When Salvadoran Evelyn Hernández, 21, was charged with aggravated homicide in the death of her stillborn baby, she was handed a 30-year prison sentence. On Monday, a judge acquitted Hernández: A notable triumph, advocates say, in a country with one of the world’s most severe abortion bans.

Hernández’s lawyers say she was raped at the age of 18. Those close to Hernández say she didn’t know she was nearly 34 weeks pregnant in 2016, when she walked into a latrine and delivered a stillborn child. Her mother found her, bleeding and unconscious, before rushing her to a hospital.

Paula Avila Guillen, director of Latin America Initiatives at the Women’s Equality Center, said a doctor concluded that Hernández’s condition was a result of an “incomplete abortion.” Police discovered her fetus in the latrine and charged Hernández with aggravated homicide.

“Mere suspicion of possible abortion immediately makes [women] guilty, presumption of innocence gets erased,” said Guillen, who worked closely with Hernández’s defense team. “When police were notified, they shackled her to a hospital bed and interrogated her.”

Hernández spent 33 months in prison and was released in February after a successful appeal.
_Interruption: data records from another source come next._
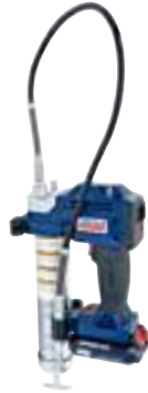
20 V Li Ion PowerLuber Model 1882

Lincoln's PowerLuber family includes a full range of battery-operated grease guns, including NiCad and Lithium-ion-powered tools, as well as pneumatic and electric options. Developed by the lubrication experts, the PowerLuber line has the right grease gun for your needs.
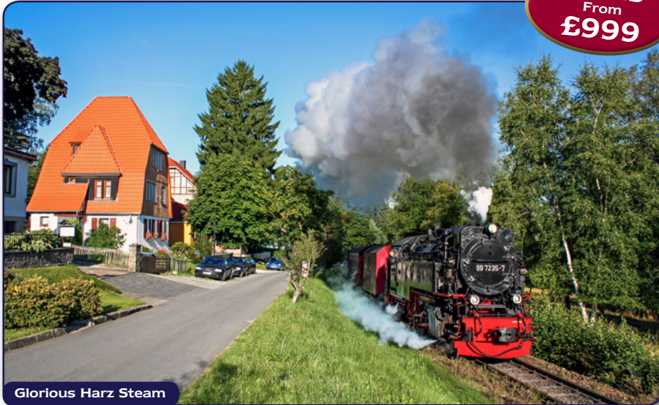
Glorious Harz Steam
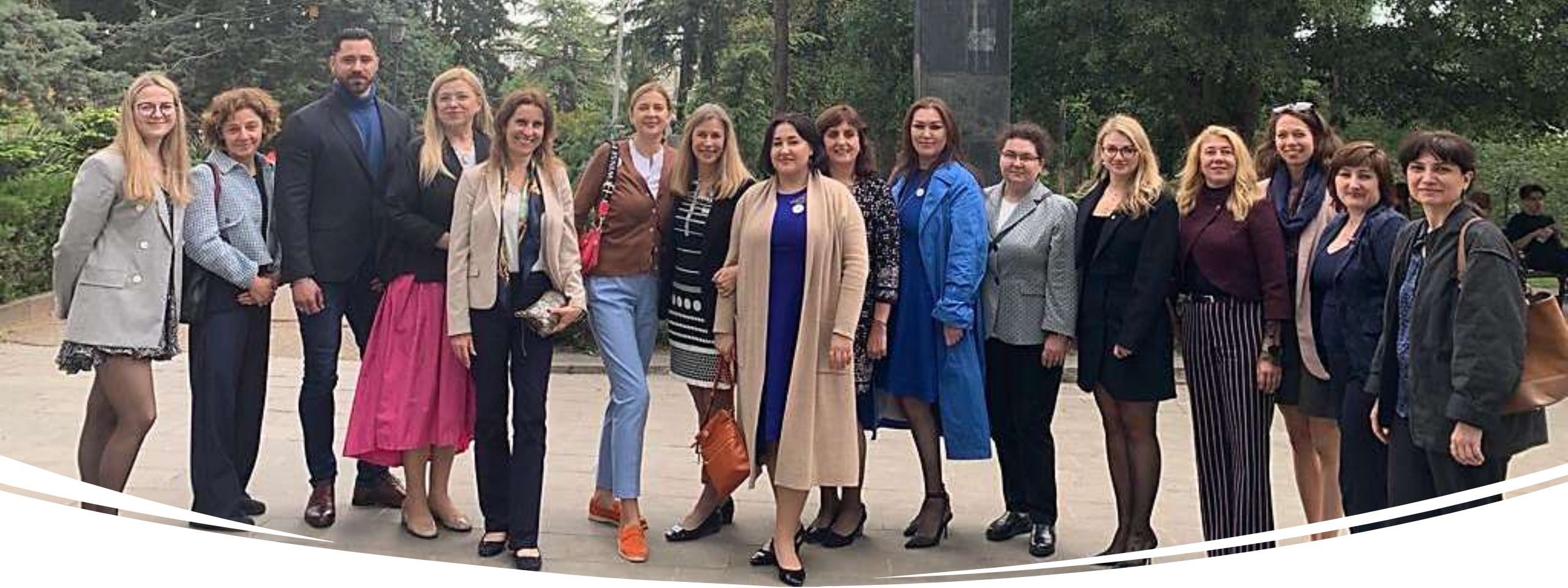
First BSWN Leadership meeting May 8-10 , 2023, Tbilisi Georgia
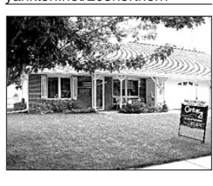
2220 Valley Road

2-bedroom, 1 1/2-bath twin home. Motivated sellers, reduced price only $150,000! Emma, Century21 (605)661-2224.
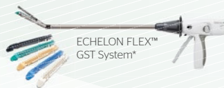
ECHELON FLEX™ GST System*
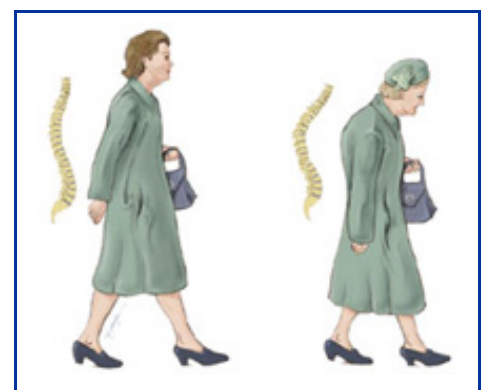
Loss of height and a stooped appearance of a person with osteoporosis results from partial collapse of w eakened vertebrae.

radiographic absorptiometry, and ultrasound. Your doctor can determine which method is best suited for you.
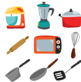
Using, cleaning and storing equipment
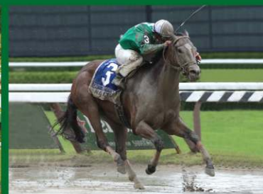
G1W CAPT. CANDYMAN CAN
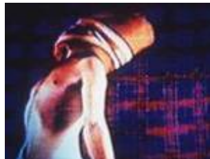
Graphic Exhibition - Curitiba, 2003
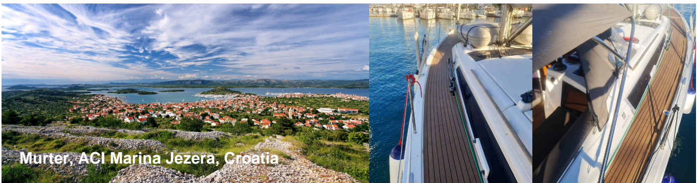
Murter, ACI Marina Jezera, Croatia
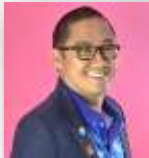
Carlo S. Precioso Foundation
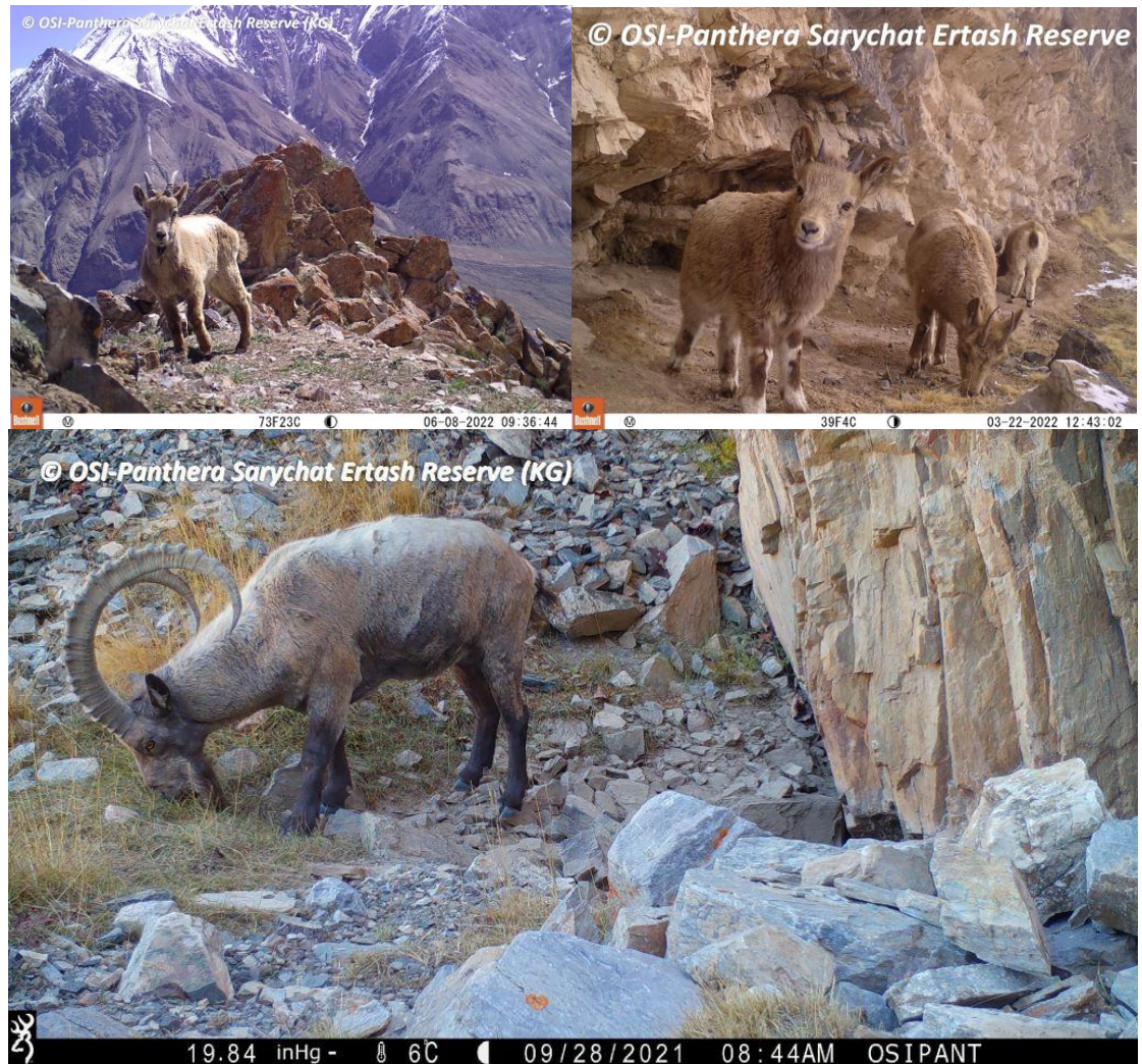
Pictures 12 - Female Siberian ibex in Bir baital, kid in Kizil Kérégué, female and a male in Bich Jilga, pictured by OSI-PANTHERA's camera traps

Differentiating females and kids can sometimes be tricky. Hence, female counting might include a few kids.
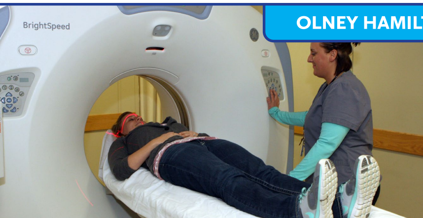
OLNEY HAMILTON HOSPITAL

Olney Hamilton Hospital is proud to offer a wide variety of services including: Emergency Care • Outpatient Services • Swing Bed Program • Obstetrics • Pastoral Services • Allergy Services • Olney Sleep Lab • EEG Testing
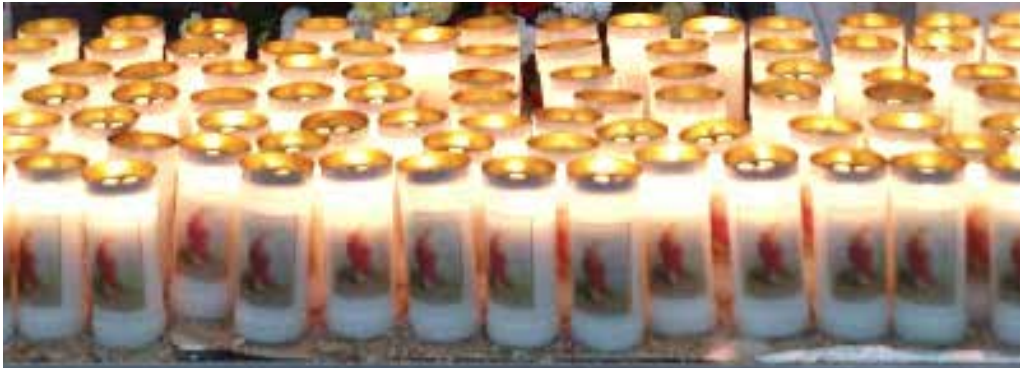
Prayers and candles at the Feast celebrations
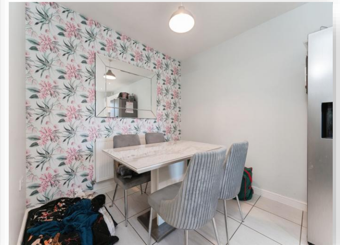
Mace Road, Mildenhall IP28 7FP
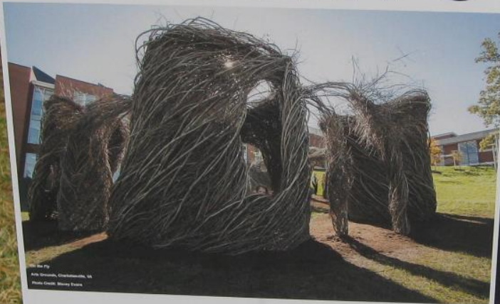
On the Fly The University of Virginia, VA
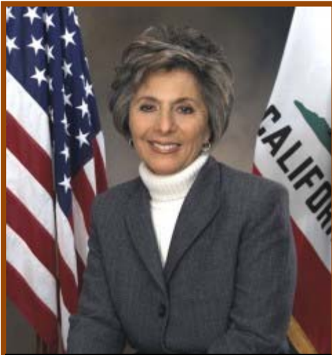
Senator Barbara Boxer (D-CA) (Invited)

Senator Barbara Boxer and House Leadership Congressmen Xavier Becerra and Henry Waxman discuss the commitment in Congress for Immigration Reform
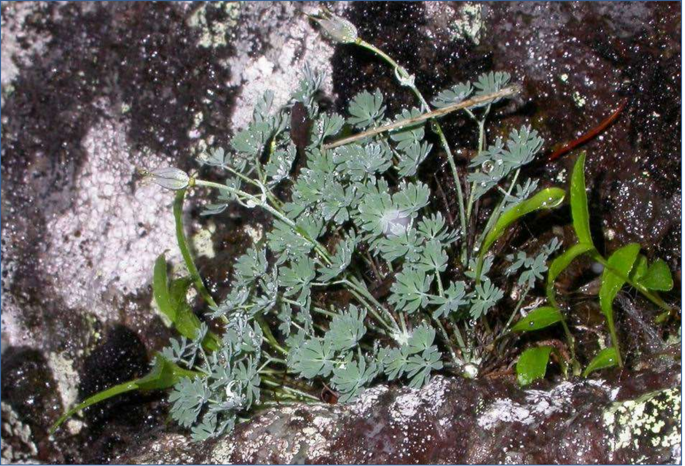
Paraquilegia anemonoides (Willd.) O.E. Ulbr. – in seed.
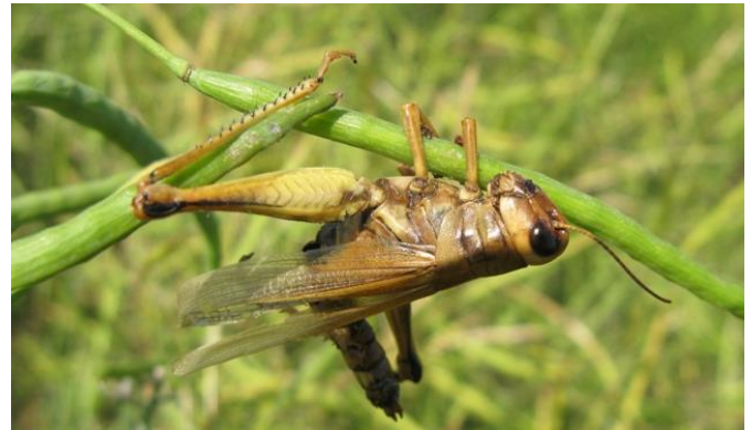
Grasshopper infected with Entomophagus grylli .

Other observations (such as an abundance of grasshopper predators, etc.) which may influence grasshopper populations should also be noted.
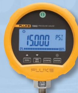
700G Series Precision Pressure Test Gauges
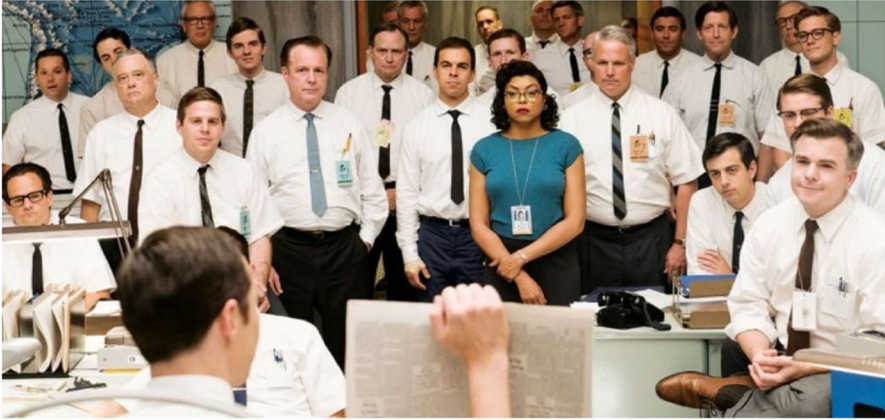
Fig. 4 Photo-narrative example of violence and discrimination. “Being an African migrant woman is not only having to face inequalities for being a woman, but also having to face discrimination, hostility and difficulties in the country where you arrive or are born. That is, being an African migrant woman is that you always have double difficulty and have to continually justify and demonstrate your reason for presence and also to break stereotypes and prejudices” (P13)

Moreover, many participants pointed out discrimination in the workplace, by both colleagues and bosses:
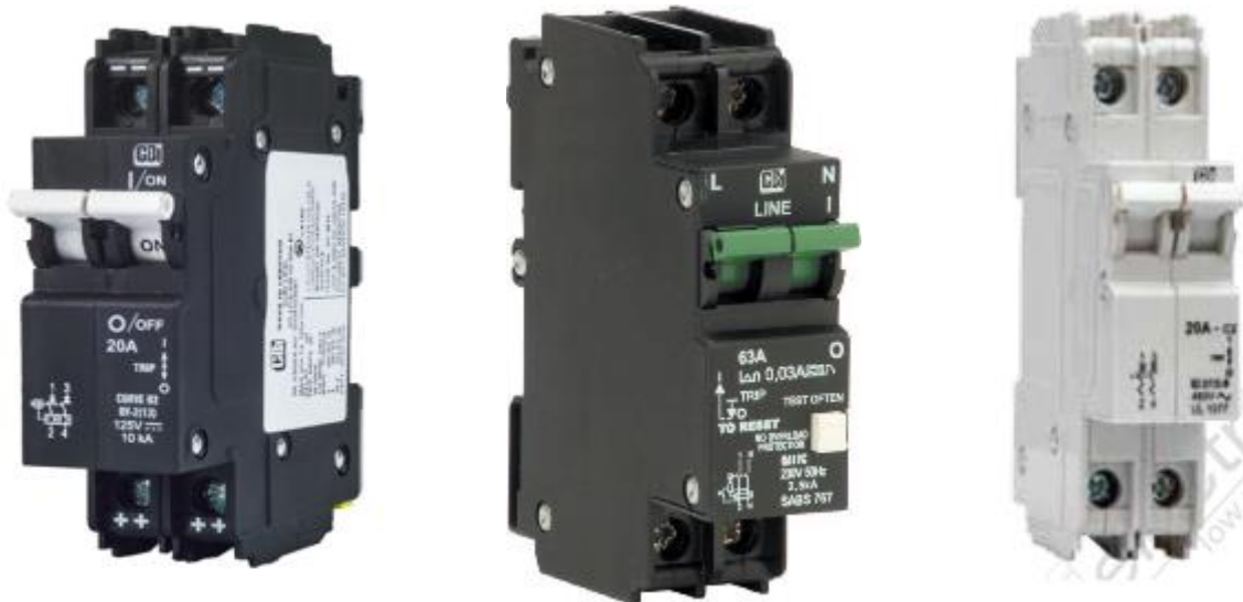
QY 2 POLE (DC) Dual Mount UL489a
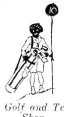
The Golf and Tennis Shop

Fishing tackle, guns from England's best makers, English croquet sets, lawn bowls, skis, ice skates, hockey sticks, revolvers, roller skates.
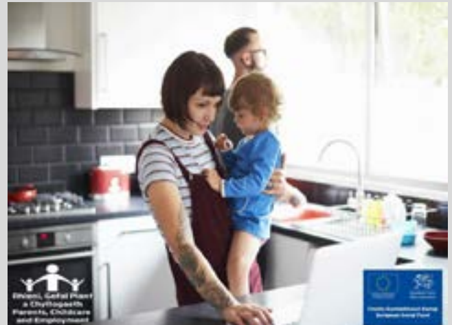
PaCE is assisting parents where childcare is a barrier to work
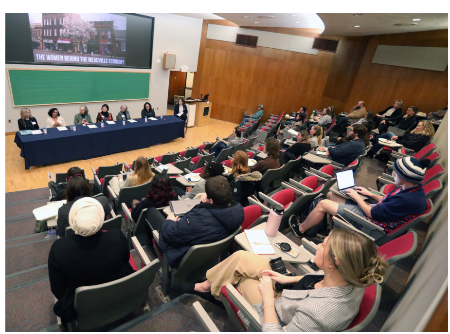
Community Gathering in Quigley Hall Auditorium

The mission of the Women in Business and Economics Club is to promote and support women in the fields of Business and Economics. By shedding light on the issues that women in these fields face, the club strives to provide valuable resources that promote academic success and engagement. We understand that meaningful change requires collective efficacy, collaboration, and empathy, which is why we invite everyone who is interested to join our organization. Together, we can promote an inclusive future for the fields of Business and Economics.
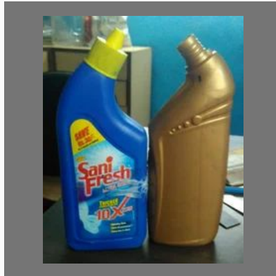
Toilet Cleaner Bottles
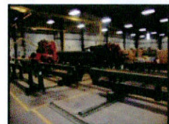
Squaring and Nailing
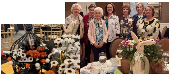
Spring 2024 District IV WH winning arrangement and Fall 2024 District IV WH winning arrangement
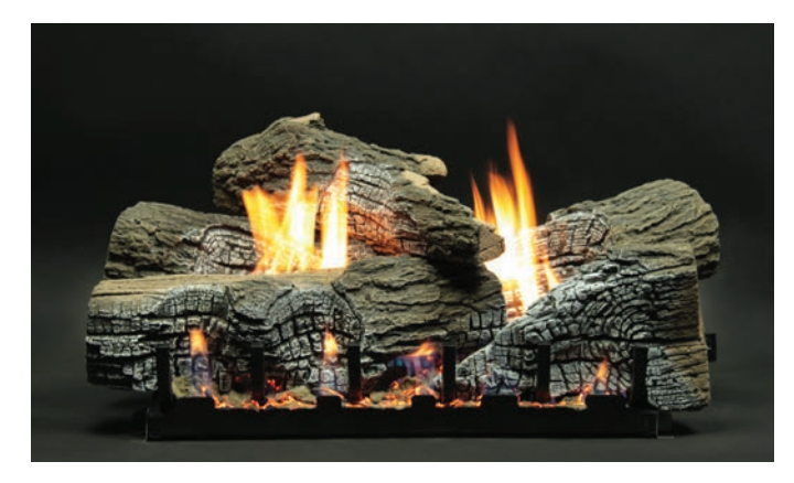
Stacked Wildwood Refractory Log Set (LS24WRR) with Vent-Free Slope Glaze Burner System (VFSR-24)
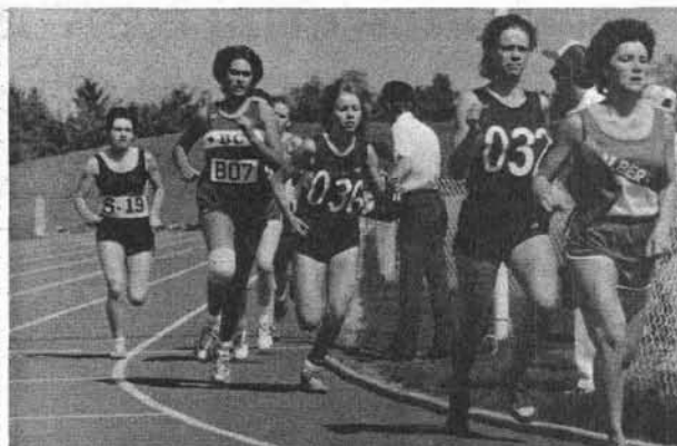
SENIOR GIRLS: 1500-METER RUN
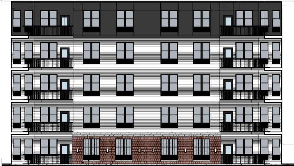
B ENLARGED COURTYARD ELEVATION - SOUTH SCALE: 1/8" = 1'-0"
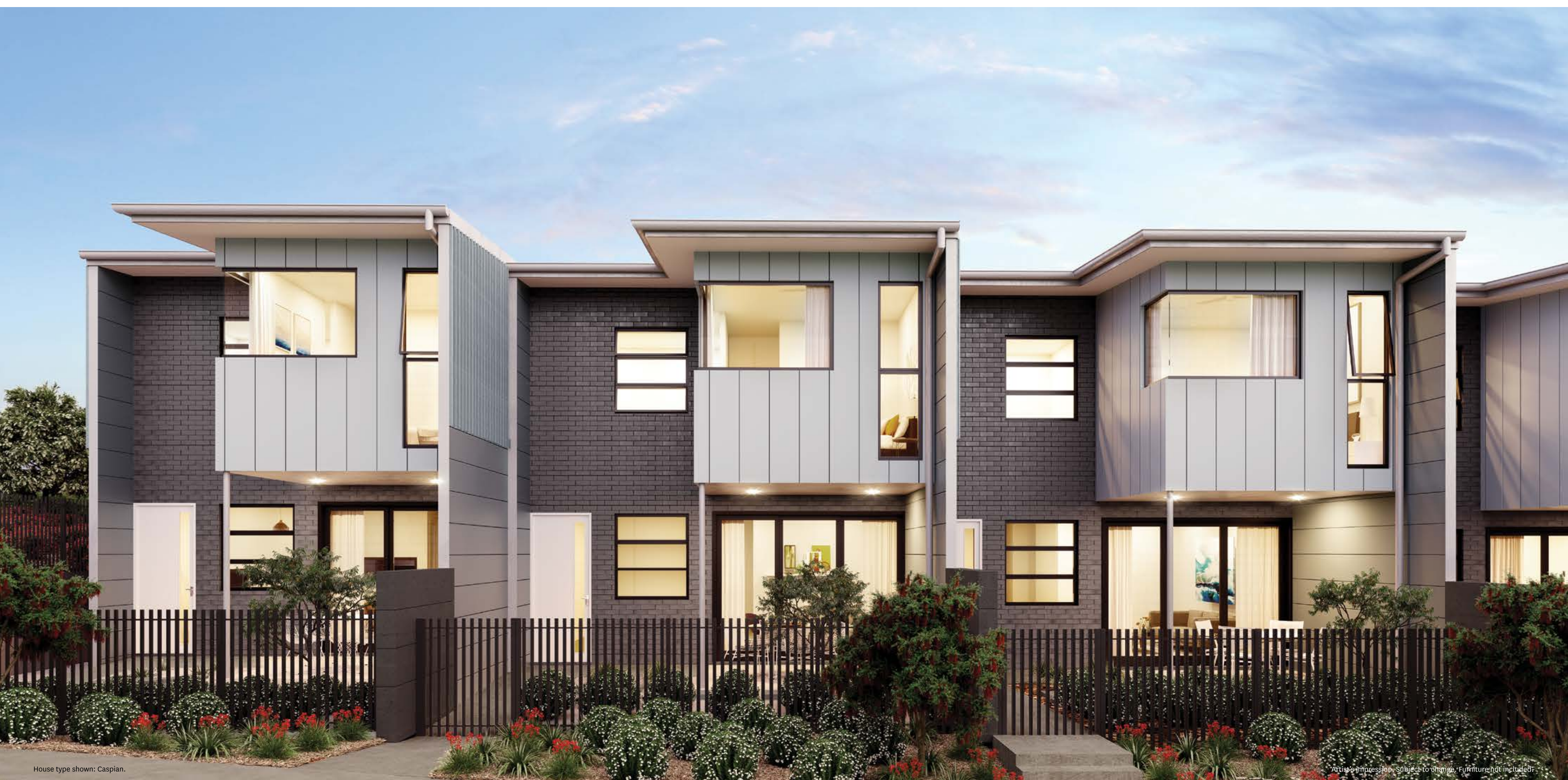
House type shown: Caspian.

In an attempt to retry Hernández on the same charges, prosecutors last week fought to increase her sentence to 40 years, arguing that she had lied about being raped and should have known she was pregnant.

Evelyn Hernández, who was sentenced to 30 years in prison for a suspected abortion, embraces activist Mariana Moisa after being absolved at a hearing Monday in Ciudad Delgado, El Salvador. (Jose Cabezas/Reuters)
Evelyn Hernández, who was sentenced to 30 years in prison for a suspected abortion, embraces activist Mariana Moisa after being absolved at a hearing Monday in Ciudad Delgado, El Salvador. (Jose Cabezas/Reuters)

The woman bled frequently and faced other obstetric ailments during her pregnancy, Guillen said, which she confused with her period.

The judge “simply couldn’t see enough evidence to be convinced she had done anything to commit any crimes,” Guillen said. “It was the right thing to do.”

Other abortion cases in Latin American

Several Latin American countries have stringent abortion laws, including Argentina, where an 11-year-old rape victim was forced to give birth in February, even though the girl had repeatedly asked for an abortion. But no restriction is more severe than El Salvador’s absolute ban, which has been in place since the late 1990s and applies even if a mother’s life is in danger.

Guillen and other advocates say the ban is applied arbitrarily and specifically targets poor women in El Salvador who lack access to quality medical care. Even in instances of miscarriage, prosecutors in the country seek homicide or manslaughter charges on top of abortion-related counts.

Hernández’s case was remedied only after a painstaking process, and Guillen notes that this was just the second time a judge in the country has ruled that a stillbirth or miscarriage was not criminal. About 20 women remain imprisoned under similar circumstances, Guillen said.

But slowly, some of them have had their charges commuted or dismissed.

In December, Imelda Cortez was released after spending about 18 months in prison for attempted murder. She also gave birth to a baby in a latrine, but the infant survived, and prosecutors argued that she hid her pregnancy and was negligent. Cortez contended she was a rape victim and did not know she was pregnant.

Four months later, three Salvadoran women charged with aggravated homicide after suffering miscarriages had their sentences commuted. They’d spent a collective 29 years in prison.

“The stories are all so similar because they all follow a pattern of persecution of women who have stillbirths and are impoverished,” Guillien said.

“You have to mobilize the world to save one woman; that’s what it takes in El Salvador."

Morena Herrera, an prominent advocate for women’s rights in the country, said in a statement that Hernández’s acquittal “is a sign of hope for all women who remain in jail for crimes they did not commit, for health problems that should have never been brought to court."

“It is a hope for Salvadoran society because we are beginning to take steps along the path of justice, of truth and of well-being for everyone,” Herrera added. “No woman should go through the ordeal that Evelyn did.”